**Input data**:
+===+

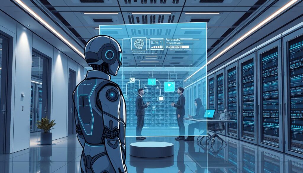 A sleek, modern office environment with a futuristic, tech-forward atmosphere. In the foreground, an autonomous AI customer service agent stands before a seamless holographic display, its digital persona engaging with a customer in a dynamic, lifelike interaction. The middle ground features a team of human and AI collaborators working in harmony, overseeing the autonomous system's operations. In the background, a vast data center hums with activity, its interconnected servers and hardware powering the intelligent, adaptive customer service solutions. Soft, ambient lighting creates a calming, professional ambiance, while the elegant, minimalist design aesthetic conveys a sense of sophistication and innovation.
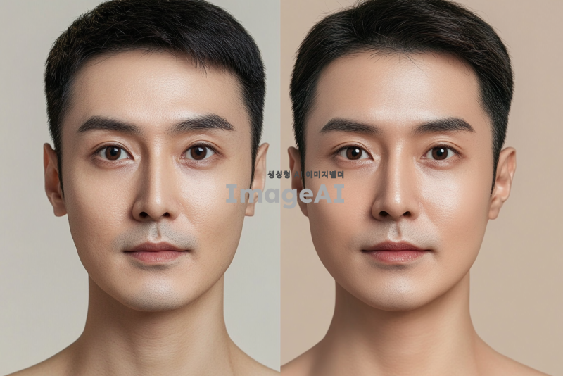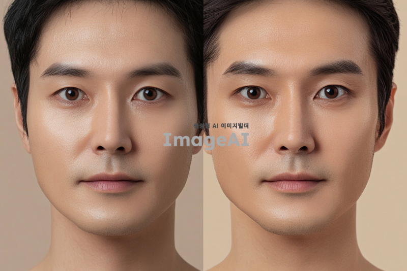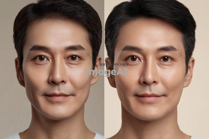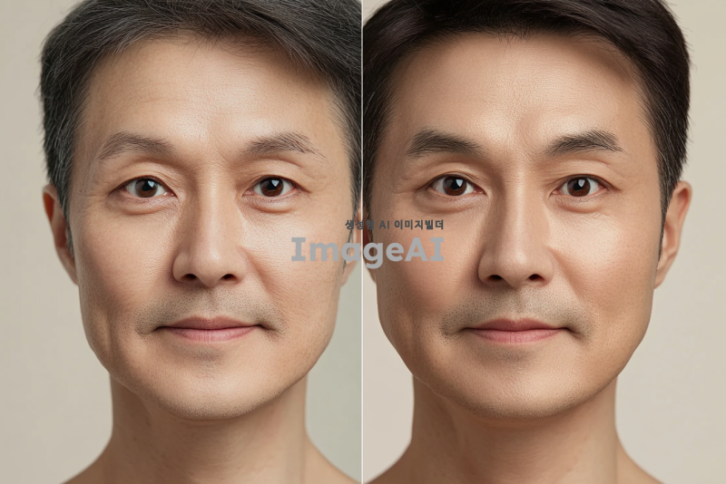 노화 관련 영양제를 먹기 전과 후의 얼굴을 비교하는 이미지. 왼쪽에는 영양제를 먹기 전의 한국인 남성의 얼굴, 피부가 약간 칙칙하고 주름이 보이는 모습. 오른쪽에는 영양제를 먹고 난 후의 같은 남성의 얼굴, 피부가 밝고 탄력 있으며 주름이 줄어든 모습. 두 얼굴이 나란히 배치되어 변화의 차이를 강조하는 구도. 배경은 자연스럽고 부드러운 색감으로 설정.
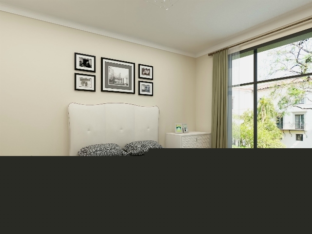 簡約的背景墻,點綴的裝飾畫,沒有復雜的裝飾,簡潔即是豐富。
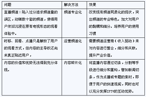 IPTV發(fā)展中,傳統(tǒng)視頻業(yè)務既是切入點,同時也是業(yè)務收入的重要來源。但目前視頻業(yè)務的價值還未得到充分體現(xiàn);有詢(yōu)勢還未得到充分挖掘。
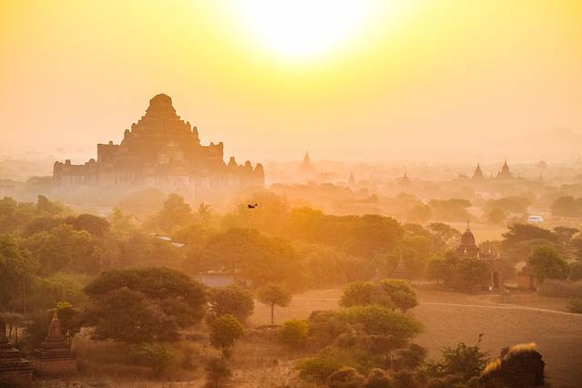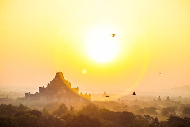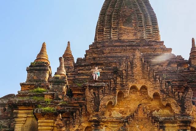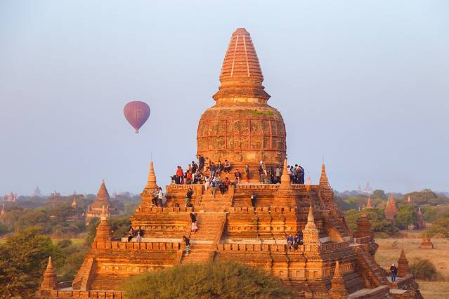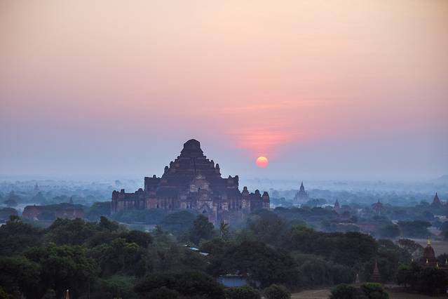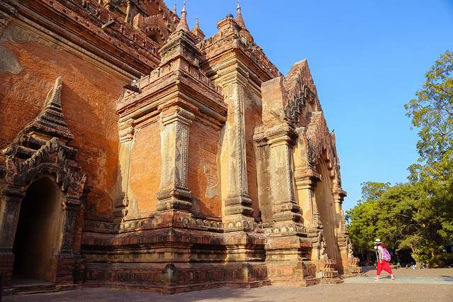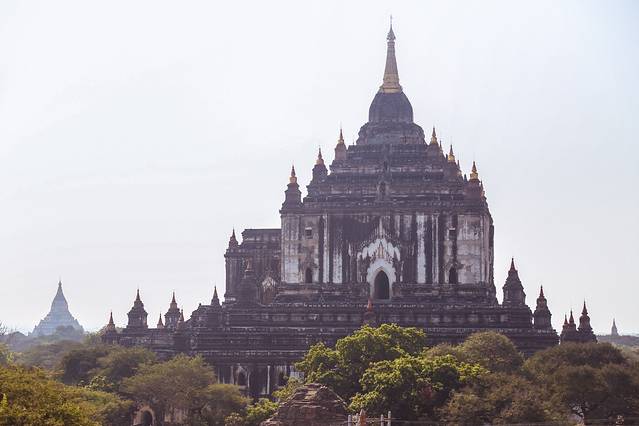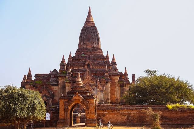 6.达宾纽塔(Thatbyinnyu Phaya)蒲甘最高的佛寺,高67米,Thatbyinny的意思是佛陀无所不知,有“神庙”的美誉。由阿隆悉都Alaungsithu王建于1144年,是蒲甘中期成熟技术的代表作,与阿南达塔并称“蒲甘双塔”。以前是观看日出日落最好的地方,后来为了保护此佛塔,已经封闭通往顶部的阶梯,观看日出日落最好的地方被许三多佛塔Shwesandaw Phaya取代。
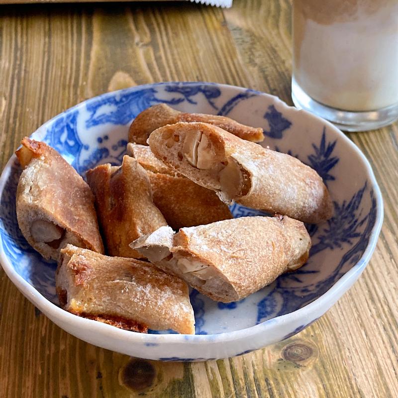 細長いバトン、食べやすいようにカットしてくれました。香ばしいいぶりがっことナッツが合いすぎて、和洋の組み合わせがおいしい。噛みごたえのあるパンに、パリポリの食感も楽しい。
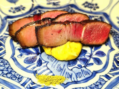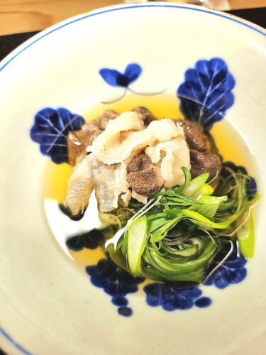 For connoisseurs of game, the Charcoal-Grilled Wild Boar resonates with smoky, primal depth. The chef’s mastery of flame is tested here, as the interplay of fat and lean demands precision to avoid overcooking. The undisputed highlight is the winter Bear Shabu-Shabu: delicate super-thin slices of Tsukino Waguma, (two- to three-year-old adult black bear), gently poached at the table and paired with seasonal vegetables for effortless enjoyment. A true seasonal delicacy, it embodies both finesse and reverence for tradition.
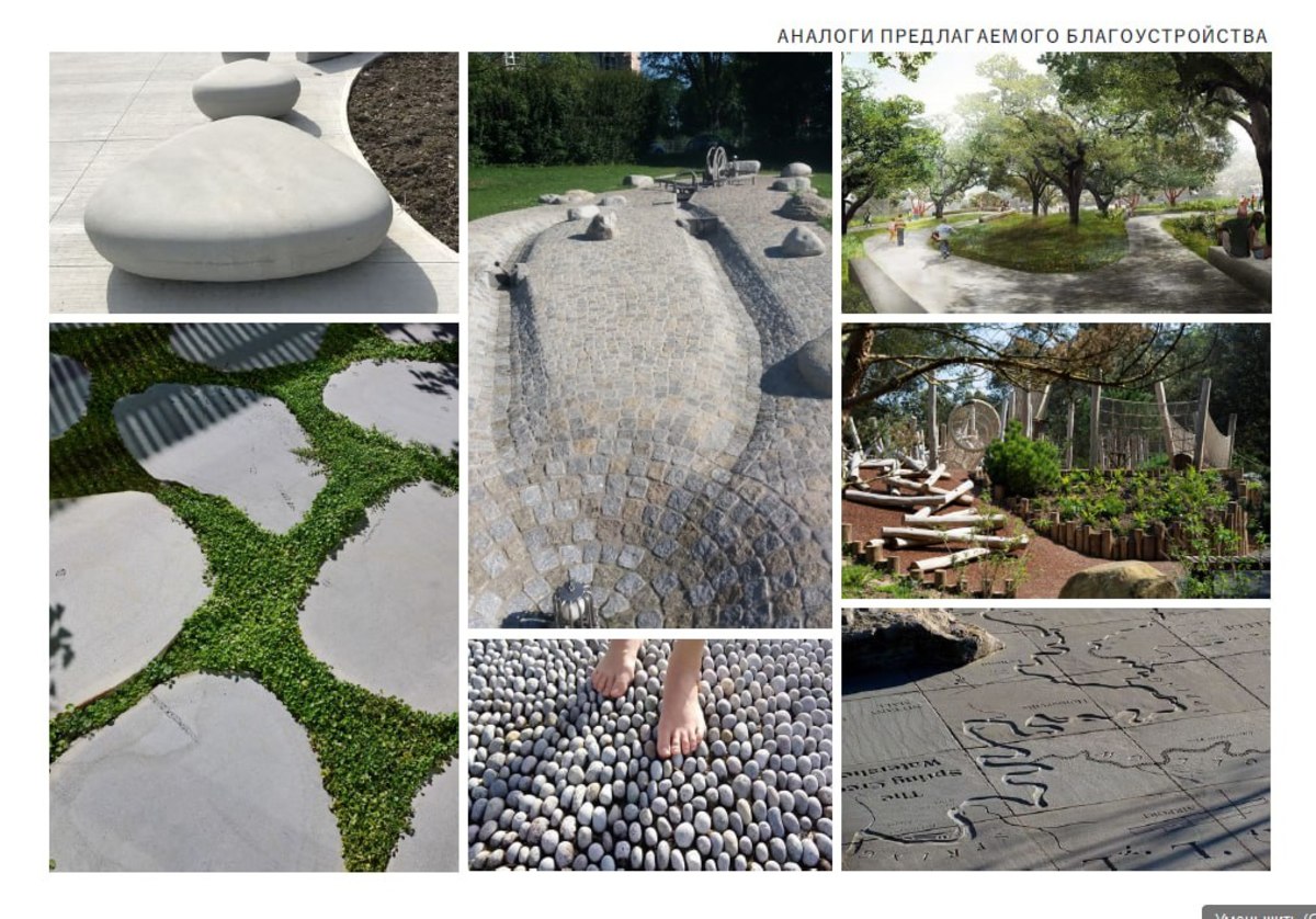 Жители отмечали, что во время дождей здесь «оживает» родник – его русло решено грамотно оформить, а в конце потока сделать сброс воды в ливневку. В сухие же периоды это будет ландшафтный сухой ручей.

+===+

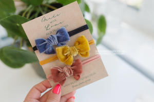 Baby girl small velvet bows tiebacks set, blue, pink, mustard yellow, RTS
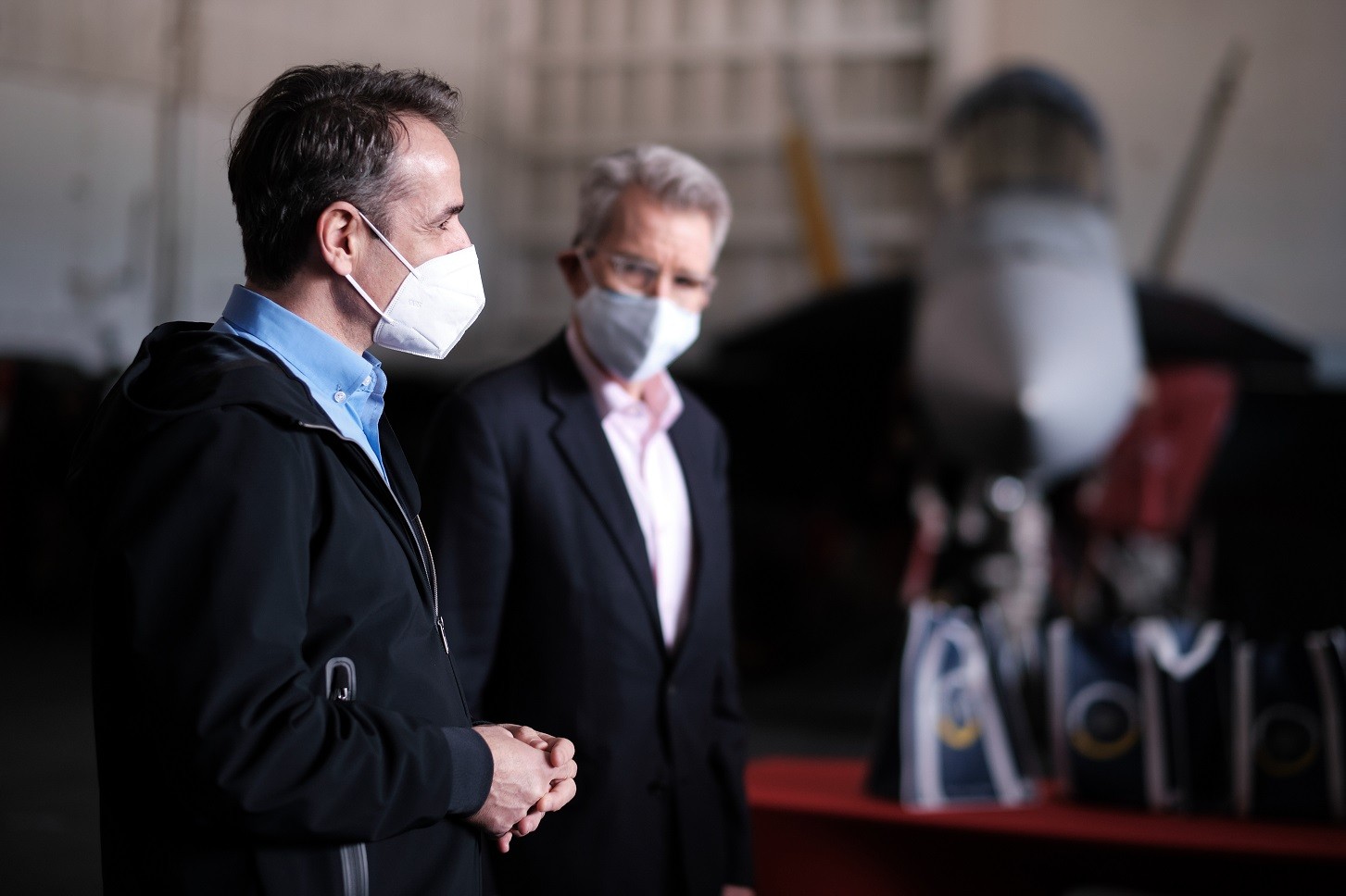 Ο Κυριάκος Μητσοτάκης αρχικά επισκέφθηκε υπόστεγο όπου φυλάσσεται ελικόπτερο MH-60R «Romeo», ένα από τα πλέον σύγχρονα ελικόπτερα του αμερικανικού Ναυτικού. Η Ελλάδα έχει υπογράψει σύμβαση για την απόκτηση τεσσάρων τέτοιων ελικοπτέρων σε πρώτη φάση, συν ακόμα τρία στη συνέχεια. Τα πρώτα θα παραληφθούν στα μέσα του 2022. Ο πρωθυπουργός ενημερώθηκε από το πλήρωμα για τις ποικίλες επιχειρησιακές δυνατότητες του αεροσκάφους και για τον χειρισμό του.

+===+

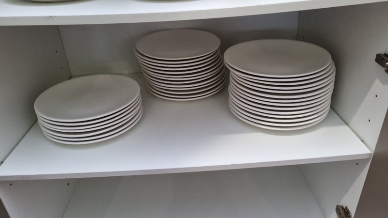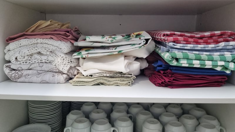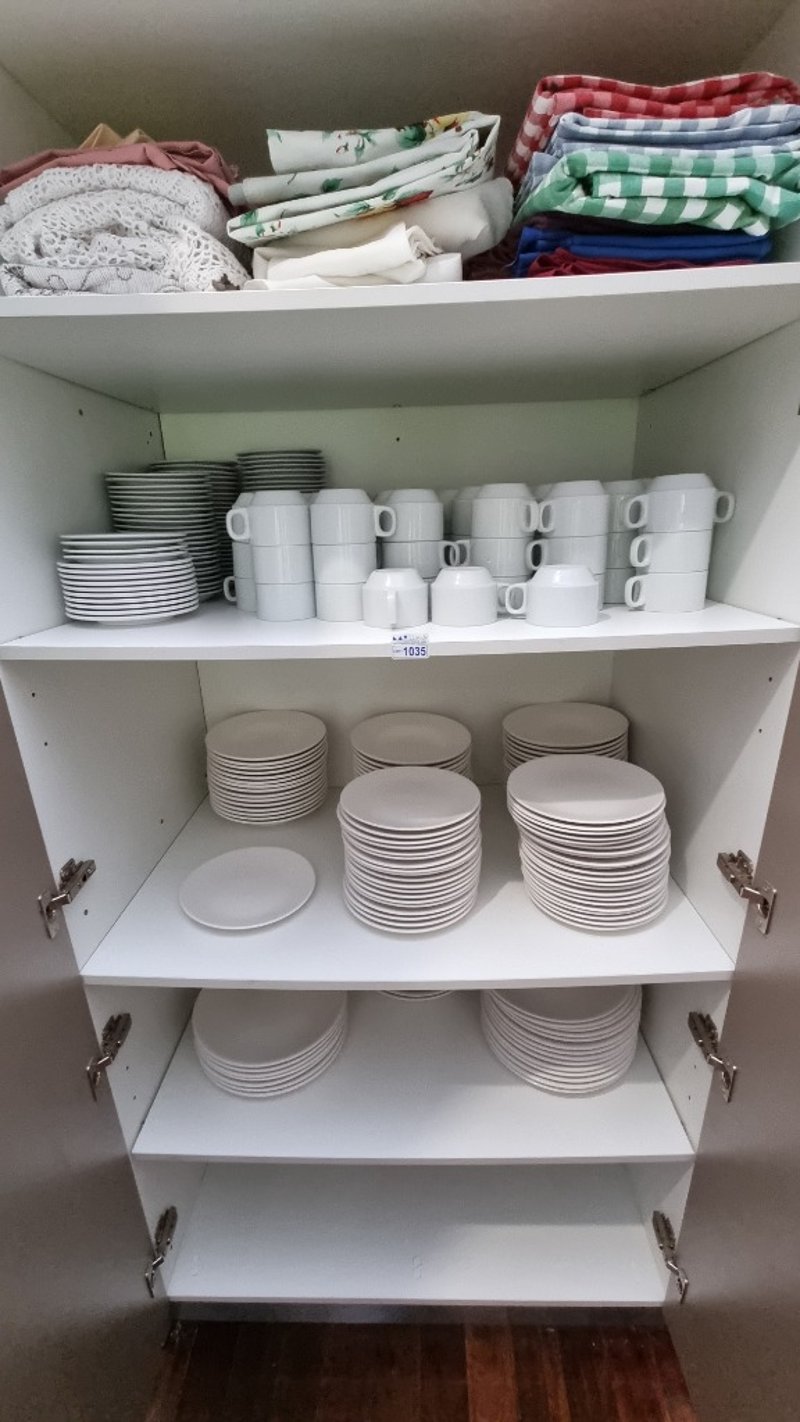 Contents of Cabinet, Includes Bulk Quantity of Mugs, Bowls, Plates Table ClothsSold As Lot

+===+

**Description of the task**: Taking the entries above, copy word for word the lines from the one with "For connoisseurs of" up to and including the one with "Жители отмечали, что", without any picture.

**Exercise response**:
 For connoisseurs of game, the Charcoal-Grilled Wild Boar resonates with smoky, primal depth. The chef’s mastery of flame is tested here, as the interplay of fat and lean demands precision to avoid overcooking. The undisputed highlight is the winter Bear Shabu-Shabu: delicate super-thin slices of Tsukino Waguma, (two- to three-year-old adult black bear), gently poached at the table and paired with seasonal vegetables for effortless enjoyment. A true seasonal delicacy, it embodies both finesse and reverence for tradition.
 Жители отмечали, что во время дождей здесь «оживает» родник – его русло решено грамотно оформить, а в конце потока сделать сброс воды в ливневку. В сухие же периоды это будет ландшафтный сухой ручей.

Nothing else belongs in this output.